From Waterford to China

Over the garden fence May 20th 2023

This week we welcome a visit from the International Society of Wallpaper hosted by Mr David Skinner

Between 1966 and 1969, Ambrose Congreve remodelled part of the 18th-century section of the house, including the Large Drawing room.

A unique aspect of Mount Congreve is how the Asiatic theme of the gardens is reflected throughout the House.
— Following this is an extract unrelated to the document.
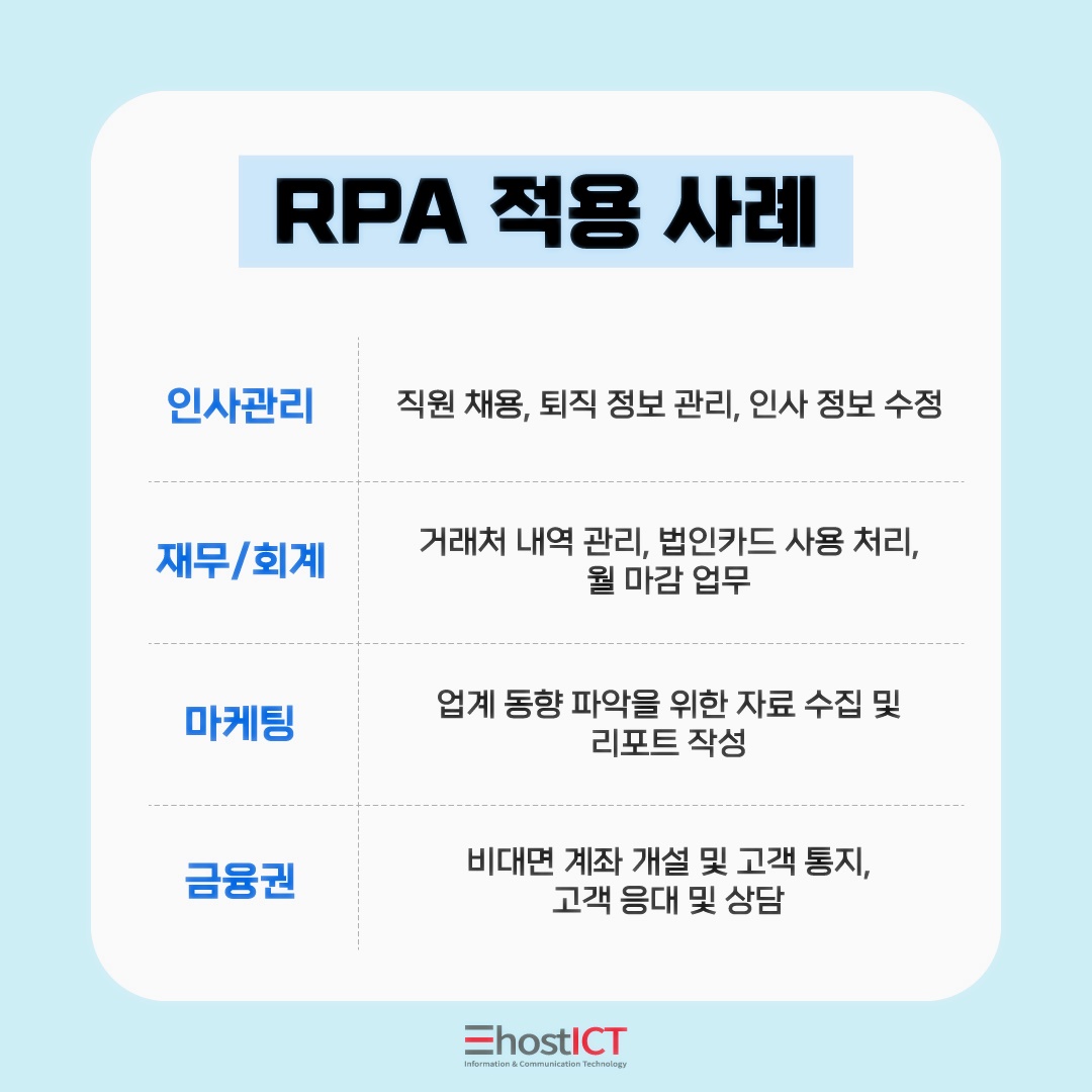 로보틱 프로세스 자동화는 전 산업계에서 두루 활용되고 있지만, 4가지 업무 분야에서 사례를 살펴보면 위와 같습니다. 인사 관리부터 재무/회계, 마케팅, 금융권 등에서 활발하게 활용이 되고 있어요.

The finer details From the middle of the 18th century high-value sets of wallpapers were produced in China for export to the homes of Europe’s wealthy classes. Produced in specialist workshops, principally in and around Canton/Guangzhou, Chinese wallpapers have long since been prized for the beauty of their design and colouring, the high level of draughtsmanship and painting employed, and the accuracy with which flora and fauna are depicted. Photographs of the Mount Congreve wallpaper were sent to Emile de Bruijn, author of ‘Chinese Wallpaper in Britain and Ireland’ (Philip Wilson Publishers/National Trust 2017), the leading authority on Chinese wallpapers. Describing the wallpaper as “extraordinary!” Emile identifies the Mount Congreve wallpaper as belonging to the rare category of Chinese ‘print room’ sets which were produced in the 1780s, and of which a small number of examples survive in Europe.Emilie suggested that the wallpaper is of very high, international significance for the following reasons:

  • Not many examples of this type of wallpaper survive
  • The colours are in near-original condition, providing a rare insight into the originally intended effect of such wallpapers
  • It is evidence of the close interaction between the producers and the European markets, the former responding to the tastes of the latter
  • It refers to an important Chinese agricultural treatise and reflects aspects of the prevalent imperial ideology (harmony, productivity, etc.)
  • The technical and artistic skill of the painting is high.